# Tokenization

In [1]:
import nltk
from nltk import sent_tokenize, word_tokenize
from wandb import sklearn

In [2]:
corpus = """This is a testing paragraph. I'm feeling very excited about the mistake of joining St. Joseph's College in Chennai.\nLet's see how this mistake impacts my life"""

In [3]:
documents = sent_tokenize(corpus)

In [4]:
documents

['This is a testing paragraph.',
 "I'm feeling very excited about the mistake of joining St.
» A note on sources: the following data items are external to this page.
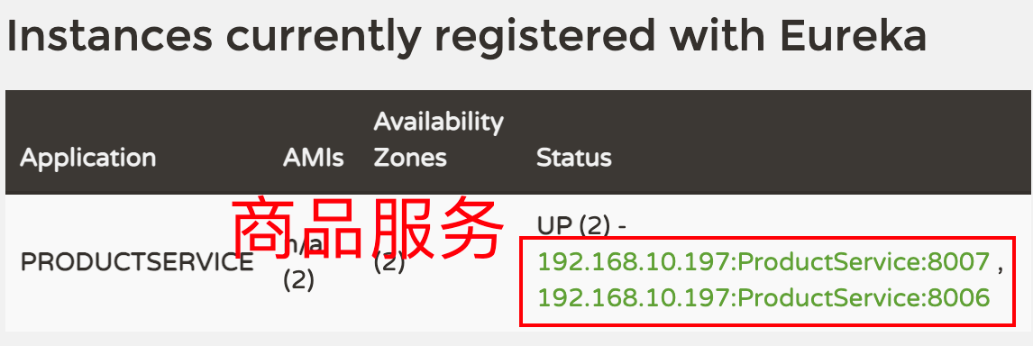 Eureka 控制台可以看到两个商品服务已启动。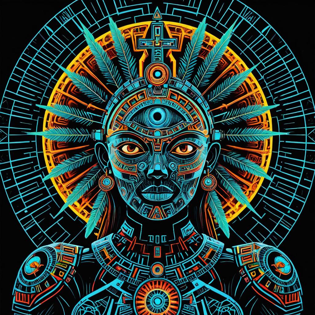 Artistic rendering of a tribal ceremonial mask featuring intricate geometric patterns and earth tone colors. The mask is adorned with long feathers and circular decorations, set against a dark tropical rainforest background with foliage details. The style blends tribal pattern abstraction with a vintage, weathered appearance.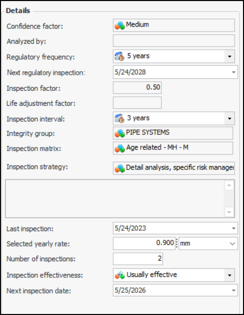 4. In the Details area, add the regulatory inspection frequency and the last inspection date. APM calculates the next regulatory inspection date, which you can change if required.Note: If you selected a degradation rate on the Degradation Rates tab, as explained in Adding Degradation Rates to RBI Failure Modes, the selected yearly rate and next inspection date are copied to the Details area. Otherwise, you can enter these values here.In this example, the confidence evaluations resulted in an inspection factor of 0.50, as shown in the Details area: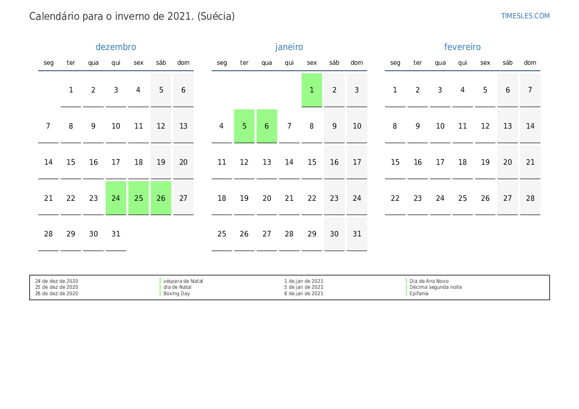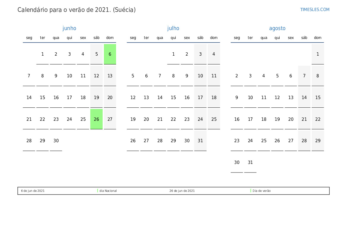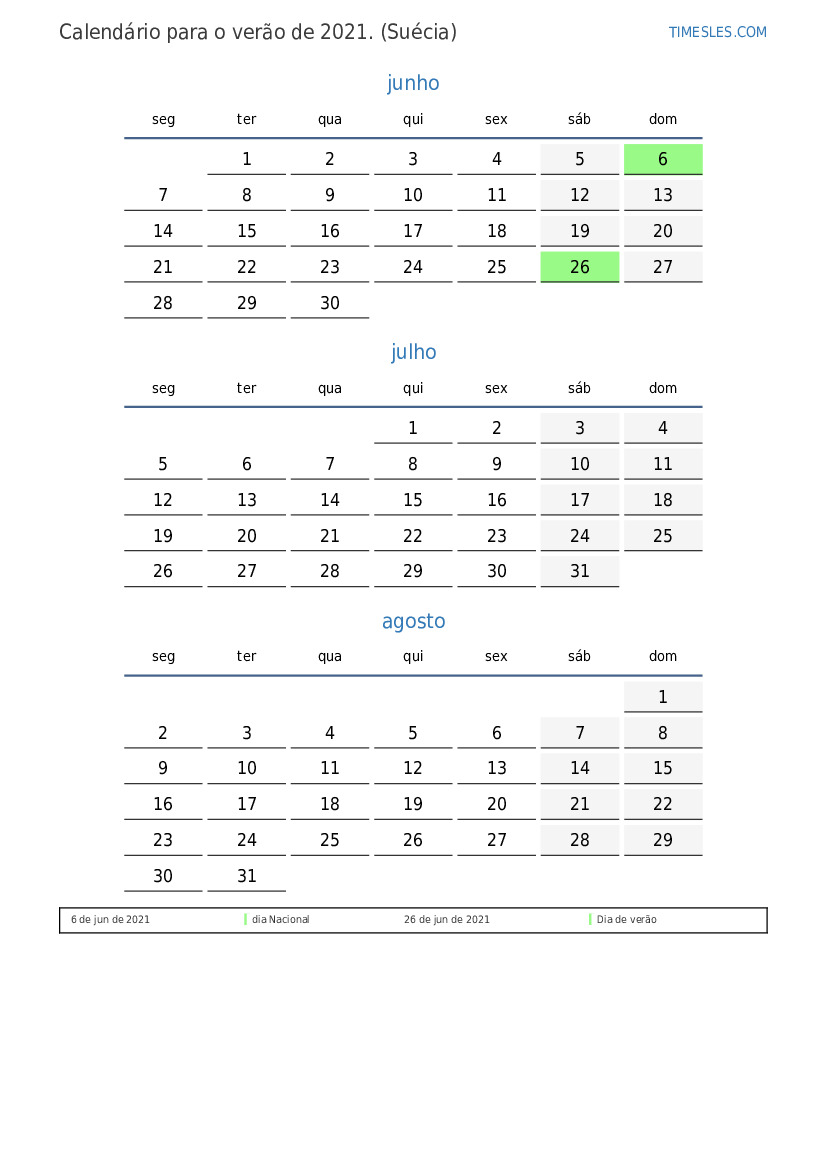 No verão de 2021, há 4 feriados e dias de folga Na Suécia. Verão 2021 começa na terça-feira e termina na terça-feira.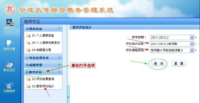 1. 教师登录教务管理系统:“ 教师专区”-“教学评教”-“教学评教统计”。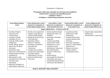 Gimnazjum w Jordanowie Wymagania edukacyjne niezbędne do uzyskania poszczególnych śródrocznych i rocznych ocen klasyfikacyjnych z biologii w klasie 1 wynikające z realizowanego programu nauczania ocena dopuszczająca: uczeń ocena dostateczna: uczeń opanował wymagania na ocenę dopuszczającą oraz: ocena dobra: uczeń opanował wymagania na ocenę dostateczną oraz: ocena bardzo dobra: uczeń ocena celująca:uczeń opanował wymagania na opanował wymagania na ocenę dobrą oraz: ocenę bardzo dobrą oraz: Dział I. BIOLOGIA – NAUKA O ŻYCIU • rozróżnia elementy przyrody żywej i nieożywionej • wymienia czynniki niezbędne do życia • wskazuje źródła wiedzy biologicznej • określa, jakiego sprzętu można użyć do danej obserwacji • przedstawia etapy obserwacji i doświadczenia • odróżnia próbę kontrolną od badawczej • dokumentuje wyniki doświadczenia i obserwacji • rozróżnia części mikroskopu • poprawnie posługuje się mikroskopem optycznym • określa cechy organizmów • wyjaśnia, czego dotyczą wybrane działy biologii • planuje prostą obserwację i doświadczenie • formułuje problem badawczy i hipotezę • wnioskuje na podstawie doświadczenia i obserwacji • wyjaśnia, jak się oblicza powiększenie mikroskopu • wykonuje preparat mikroskopowy (świeży) • graficznie dokumentuje obserwacje • określa przedmiot badań biologii jako nauki i jej dziedziny • porównuje różnorodne organizmy • wymienia przykłady zastosowania wiedzy biologicznej w życiu • wykazuje wartość doświadczeń i obserwacji jako bezpośrednich sposobów zdobywania wiedzy • określa funkcje poszczególnych elementów mikroskopu optycznego • samodzielnie przeprowadza obserwacje mikroskopowe Dział II. JEDNOŚĆ ORGANIZMÓW • uzasadnia potrzebę zdobywania wiedzy biologicznej • wykazuje konieczność przeprowadzania próby kontrolnej • porównuje mikroskop optyczny z mikroskopem elektronowym • oblicza rzeczywistą wielkość obiektu w jednostkach miary • przeprowadza samodzielnie zaplanowane doświadczenie i obserwację • wymienia komórki jako elementy budowy organizmów • poprawnie posługuje się mikroskopem optycznym • wymienia elementy budowy komórki zwierzęcej i roślinnej • wymienia elementy budowy komórki bakteryjnej • rozpoznaje elementy budowy komórek na rysunkach i schematach • wyjaśnia zależność między komórką, tkanką, narządem i układem narządów • wymienia przykłady organizmów odżywiających się różnymi sposobami • na podstawie rodzaju pobieranego pokarmu, określa do jakiej grupy organizmów cudzożywnych należy dany organizm • określa substraty i produkty fotosyntezy • wykazuje różnicę między oddychaniem komórkowym a wymianą gazową • podaje przykłady wykorzystania energii przez organizm • rozróżnia oddychanie tlenowe i beztlenowe • podaje przykłady różnych komórek zwierzęcych i człowieka • porównuje budowę komórek roślinnych, zwierzęcych i bakteryjnych • wykonuje preparat ze świeżego materiału roślinnego • określa lokalizację tkanek zwierzęcych i ich funkcje w organizmach • wykazuje złożoność budowy organizmów • podaje przykłady tkanek zwierzęcych i ich podstawowe funkcje w organizmie • planuje doświadczenia wykazujące wpływ warunków zewnętrznych na przebieg fotosyntezy • sprawnie posługuje się mikroskopem optycznym • wyjaśnia sposoby trawienia pokarmu przez organizmy cudzożywne • wyjaśnia proces oddychania • wyjaśnia znaczenie próby kontrolnej w doświadczeniach • wyciąga wnioski z wyników doświadczeń • przeprowadza doświadczenie • przedstawia funkcje poszczególnych składników komórki zwierzęcej • wskazuje cechy pozwalające na rozróżnienie komórek: zwierzęcej, roślinnej, bakteryjnej • przedstawia funkcje poszczególnych składników komórek roślinnych i bakteryjnych • wykazuje różnorodność tkanek budujących dany narząd • opisuje hierarchiczną budowę organizmów • przedstawia różne sposoby odżywiania się organizmów • uzasadnia rolę chlorofilu w fotosyntezie • określa warunki przebiegu fotosyntezy • określa warunki oddychania tlenowego, jego substraty i produkty • określa warunki przebiegu procesu fermentacji oraz jego substraty i produkty • planuje doświadczenie wykrywające produkty fermentacji podaje przykłady wykorzystania fermentacji w przemyśle i gospodarstwie domowym • wykazuje zależność między • przeprowadza samodzielnie budową komórki zaplanowane zwierzęcej a jej funkcją doświadczenie wykazujące • wykazuje zależność między wpływ warunków budową komórek zewnętrznych na przebieg roślinnych i bakteryjnych fotosyntezy • uzasadnia znaczenie a ich funkcjami • uzasadnia konieczność rozmnażania dla gatunku, współdziałania narządów a nie dla pojedynczego i układów narządów osobnika • wyjaśnia pojęcie trawienie • interpretuje wyniki wewnątrzkomórkowe doświadczeń i pozakomórkowe • wykazuje znaczenie fotosyntezy dla istnienia życia na Ziemi • porównuje substraty i produkty oddychania tlenowego i beztlenowego • wykazuje związek między środowiskiem życia a rodzajem zapłodnienia • rozróżnia typy rozmnażania przedstawia narządy wykrywające produkty wymiany gazowej różnych fermentacji dokumentuje bezpłciowego organizmów wyniki doświadczenia • wymienia korzyści • wymienia sposoby • wymienia różnice między z rozmnażania płciowego rozmnażania się rozwojem prostym • podaje przykłady organizmów a złożonym organizmów obupłciowych • definiuje pojęcia: • przedstawia różnice między i rozdzielnopłciowych zapłodnienie i zygota rozmnażaniem płciowym i bezpłciowym • wymienia przykłady organizmów o rozwoju prostym i złożonym Dział III. RÓŻNORODNOŚĆ ORGANIZMÓW Klasyfikacja organizmów • przedstawia kryteria klasyfikacji organizmów • p

Joseph's College in Chennai.",
 "Let's see how this mistake impacts my life"]

In [5]:
for doc in  documents:
    print(word_tokenize(doc))

['This', 'is', 'a', 'testing', 'paragraph', '.']
['I', "'m", 'feeling', 'very', 'excited', 'about', 'the', 'mistake', 'of', 'joining', 'St.', 'Joseph', "'s", 'College', 'in', 'Chennai', '.']
['Let', "'s", 'see', 'how', 'this', 'mistake', 'impacts', 'my', 'life']


In [6]:
from nltk.tokenize import wordpunct_tokenize


for doc in documents:
    print(wordpunct_tokenize(doc))

['This', 'is', 'a', 'testing', 'paragraph', '.']
['I', "'", 'm', 'feeling', 'very', 'excited', 'about', 'the', 'mistake', 'of', 'joining', 'St', '.', 'Joseph', "'", 's', 'College', 'in', 'Chennai', '.']
['Let', "'", 's', 'see', 'how', 'this', 'mistake', 'impacts', 'my', 'life']


In [7]:
treebankTokenizer = nltk.tokenize.TreebankWordTokenizer()
treebankDeTokenizer = nltk.tokenize.treebank.TreebankWordDetokenizer()
for doc in documents:
    tokens = treebankTokenizer.tokenize(doc)
    print(tokens)
    print(treebankDeTokenizer.detokenize(tokens))
    print()
    print()

['This', 'is', 'a', 'testing', 'paragraph', '.']
This is a testing paragraph.


['I', "'m", 'feeling', 'very', 'excited', 'about', 'the', 'mistake', 'of', 'joining', 'St.', 'Joseph', "'s", 'College', 'in', 'Chennai', '.']
I'm feeling very excited about the mistake of joining St. Joseph's College in Chennai.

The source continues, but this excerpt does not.